I just saw the most problematic image on Facebook. It was a photo of four blonde female pilots in combat gear with the caption, “Hey Taliban, look up in the sky! Your women can’t drive, but ours CAN!”
To me, this photo represents how blithely and blindly women from the Global North allow ourselves to be used as (actual and metaphorical) weapons of war against women from the Global South. In fact, that offensive caption isn’t significantly different from comments I’ve been hearing this week like, “These are countries where women have very little value.”
Sadly, the place where I’ve been hearing such phrases isn’t on some conservative TV program or website (where I think that all-woman pilot photo originated), but rather, on the PBS film Half the Sky: Turning Oppression into Opportunity for Women, a well-publicized neo-liberal “odyssey through Asia and Africa” hosted by everyone’s favorite white savior New York Times reporter, Nikolas Kristof.
Beyond his self-promotion, there remains the issue of whose story Kristof is telling. He has, in fact, answered critiques of his reporting style–which often focuses on white outsiders going to Asian or African countries–by saying that this choice is purposeful. When asked why he often portrays “black Africans as victims” and “white foreigners as their saviors,” he has answered, “One way to get people to read…is to have some sort of American they can identify with as a bridge character.” A presumption which assumes that all New York Times readers are white, of course, but I won’t get into that now.
[A]nd most problematically, Half the Sky replicates the same dynamic of that dreadful pilot photo by focusing solely on the oppressions of the Global South.
Although a few passing comments are made about rape, coerced sex work, and other gender-based violence existing everywhere in the world–including in the U.S., hello?!–the point that is consistently reiterated in the film is that gender oppression is “worse” in “these countries”–that it is a part of “their culture.” In fact, at one point, on the issue of female genital cutting, Kristof tells actress Diane Lane, “That may be [their] culture, but it’s also a pretty lousy aspect of culture.”
There’s nothing that smacks more of “us and them” talk than these sorts of statements about “their culture.” Postcultural critic Gayatri Chakrovorty Spivak, in fact, coined the term “white men saving brown women from brown men” to describe the imperialist use of women’s oppression as justification for political aggression.
Although Spivak was writing about British bans of widow burning and child marriage in India to make her point, we can see the reflections of this dynamic is the way that the US has justified wars in Afghanistan and Iraq as missions to “free Islamic women from the Veil.” (For a fantastic critique of this rationale, see Lila Abu-Lughod’s “Do Muslim Women Really Need Saving?“) According to Spivak, this trope of “white men rescuing brown women from brown men” becomes used to justify the imperialist project of “white man” over “brown man.”

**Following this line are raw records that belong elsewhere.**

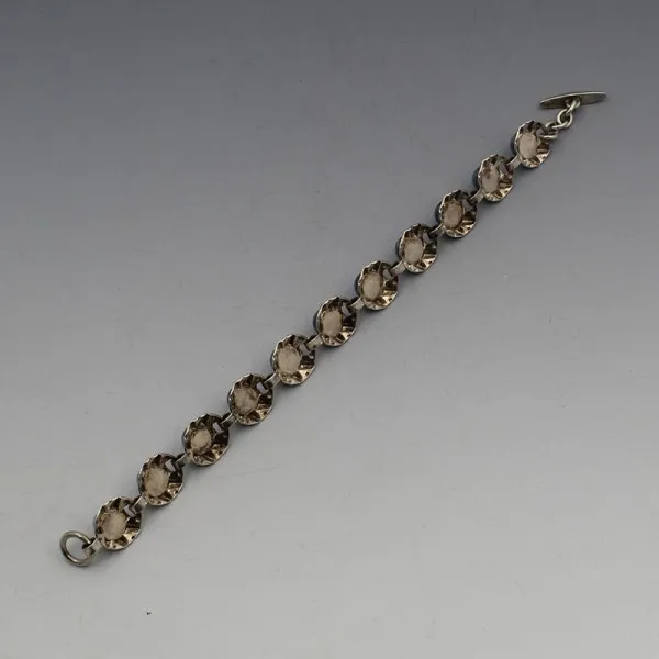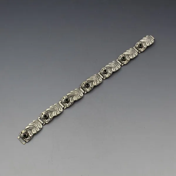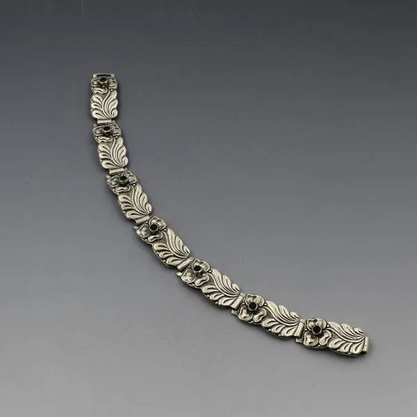 Beautiful Bernard Hertz, Denmark , 830 silver floral links bracelet with small round green chrysoprase details and a flat hook clasp closure. It is signed with the makers mark "BH" and "830.S". 830 is a Scandinavian standard of silver used until the 1970's. It is a slightly lower grade (approximately 10 %less) than sterling silver. The bracelet measures approximately 18 cm (7.25 inches). Weight is 18.8 grams. It is in very good condition. Estimated to date from the 1940's to 50's.
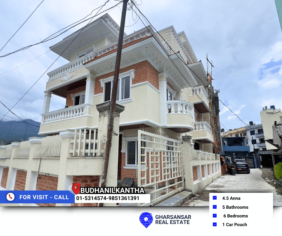Welcome to this 2.5-storey semi-bungalow nestled in the heart of Bhangal, Budhanilkantha. Spread across 5 aana of land and offering 3,000 sq. ft. of built-up area, this modern home is 100% complete — allowing you to add your finishing personal touch.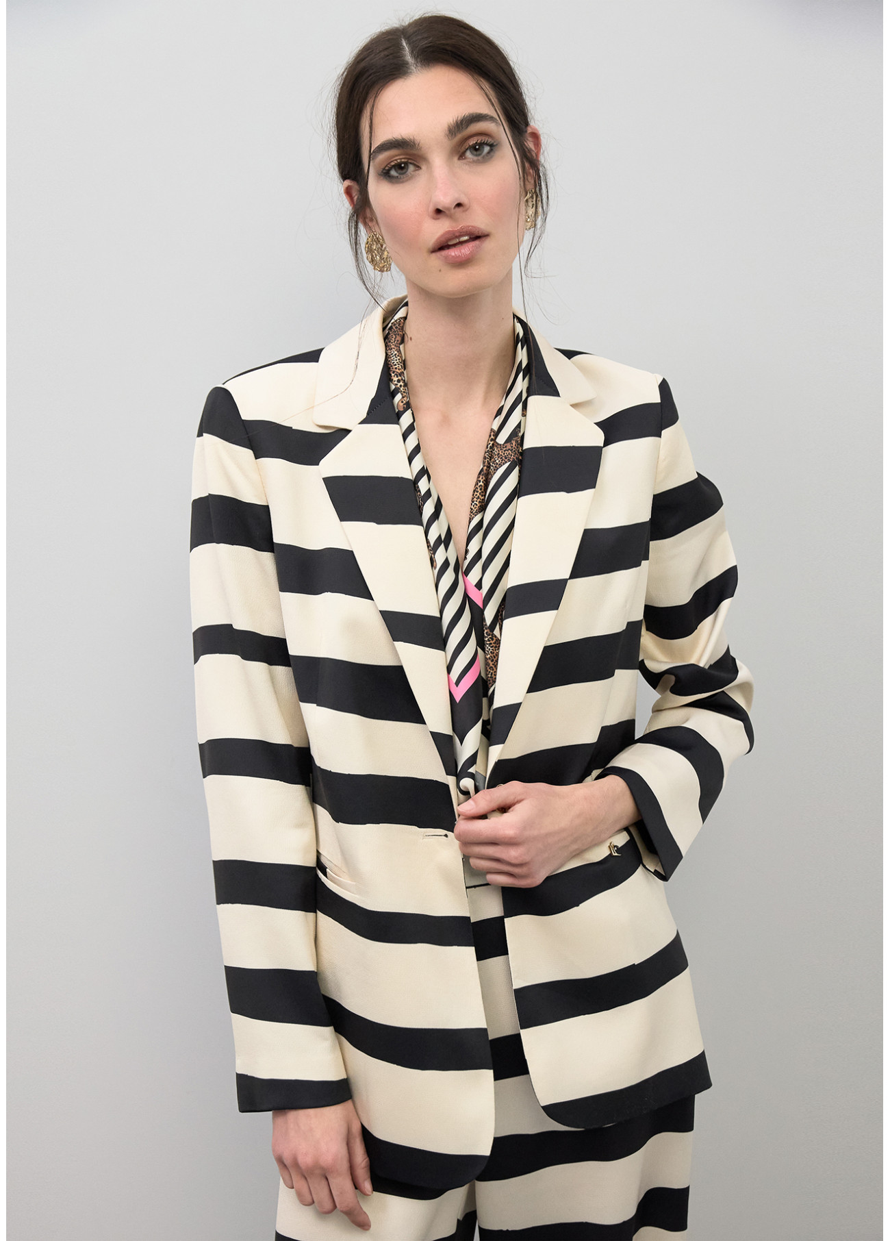 Fluid satin blazer with elegant horizontal stripes. Crafted in soft fabric for perfect drape. Classic lapel and golden button closure. Ideal for a modern and sophisticated style.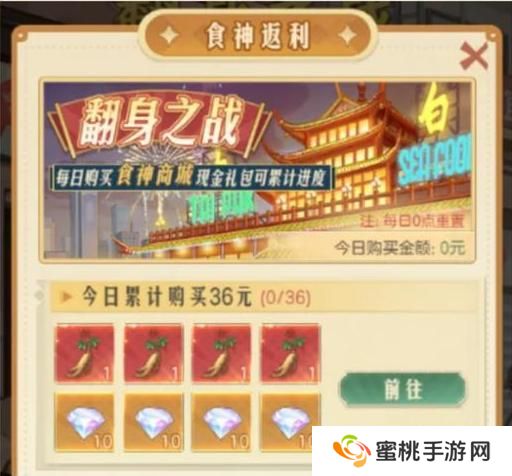 食神商城中购买的礼包不参与每日累充,但是这次多出来一个返利。就是每日在商城中购买的现金礼包,可以累计进度,达到一定额度,可额外领取一些道具。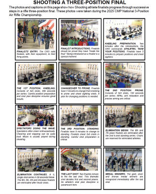 2The IOC and ISSF recently announced that starting in 2026, 50m Rifle Three-Position finals will be shot in one position only, standing. This decision likely will impact CMP and possibly Junior Three-Position Air Rifle finals rules in future years with the possibility that most finals will be single-position finals.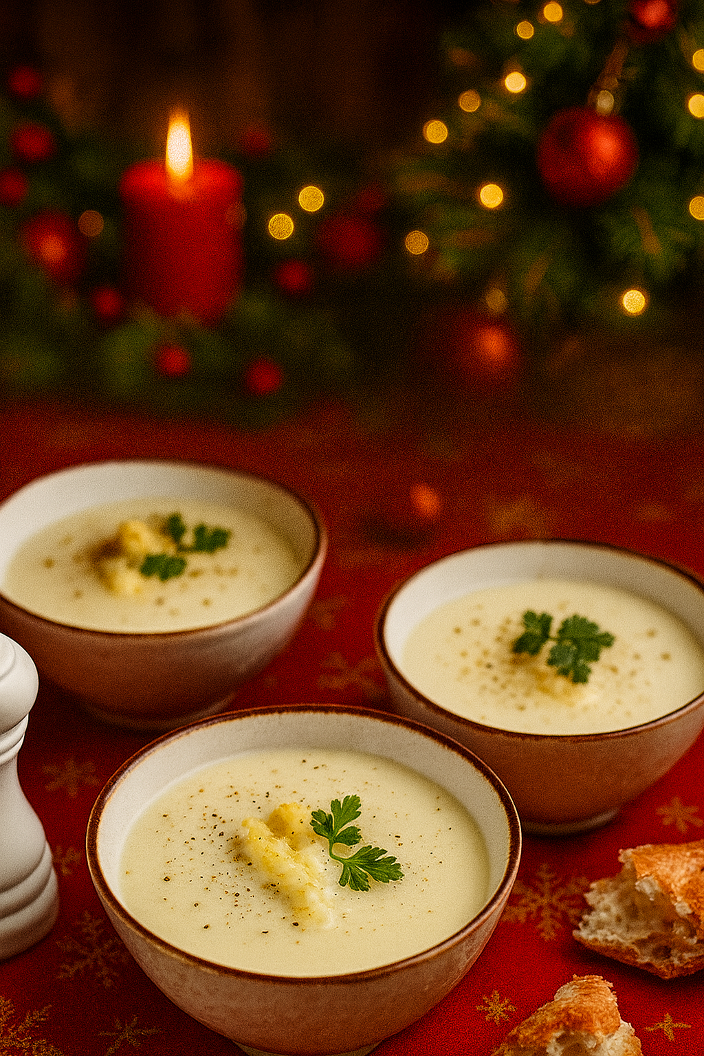 Voor de feestdagen werken we ze af met een subtiel vleugje room en kleine, sappige stukjes asperge voor een elegante bite. De smaak is puur, licht en toch rijk — een soep die meteen een vleugje verfijning op de feesttafel brengt.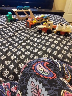 I stumbled on your wooden toys by accident. I've purchased several cars, trucks, a table top town and train...plus a few others. I still have more to purchase. Every Saturday morning the blankets come off the bed and up come the Melissa and Doug! I'm so pleased with these toys because they aren't just toys. He finds learning is fun. BTW I had to buy my granddaughter the horse carrier because she couldn't tear herself away from her cousins! Your toys are durable, educational and well made. Thank you. PS Please make a police car with removable police man.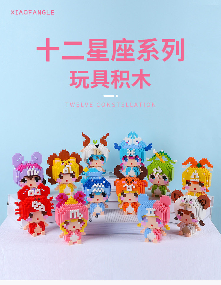 Xiaofangle Creative Small Particle Twelve Constellations Series Building Blocks Twelve Zodiac Educational Toy Model Gift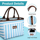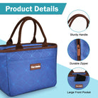 Durable oxford cloth and waterproof aluminum foil( BPA FREE), perfect to pack your food and lunch box. Thickened fabric and PE foam interlayer keep your reusable lunch bag firm and your food cold or warm for about 4 hours.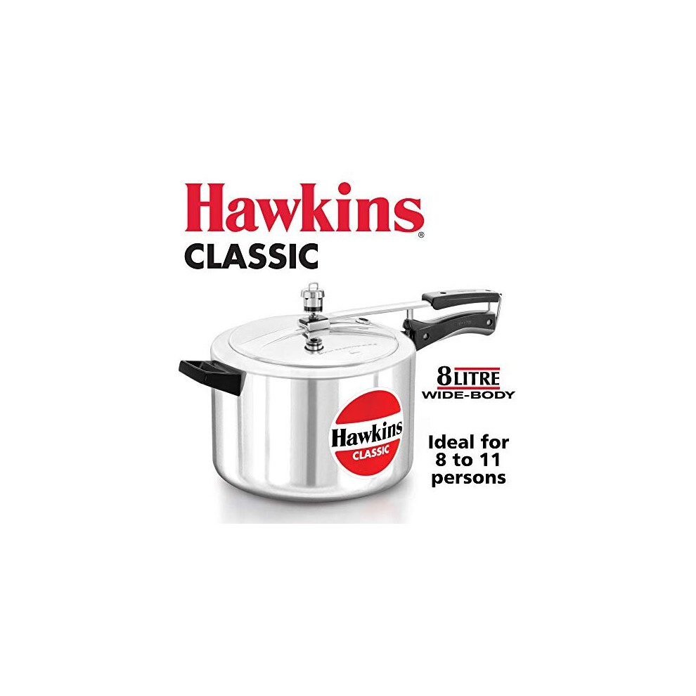 Hawkins Classic CL8W 8 L Aluminum Wide Body Pressure Cooker Medium Silver 8-Liter

And this formulation is consistent, pretty much across the board, with the film. White/Western dwelling men and women highlight the suffering, as well as local activism, of brown and black women. Brown and black men are portrayed consistently as violent, incompetent, uncaring or, in fact, invisible. And it’s only a small leap to realize that such formulations–of countries incapable of or unwilling to care for “their” women–only reinforce rather than undermine global patriarchy, while justifying paternalization, intervention–and even invasion of these “lesser” places–by the countries of the Global North.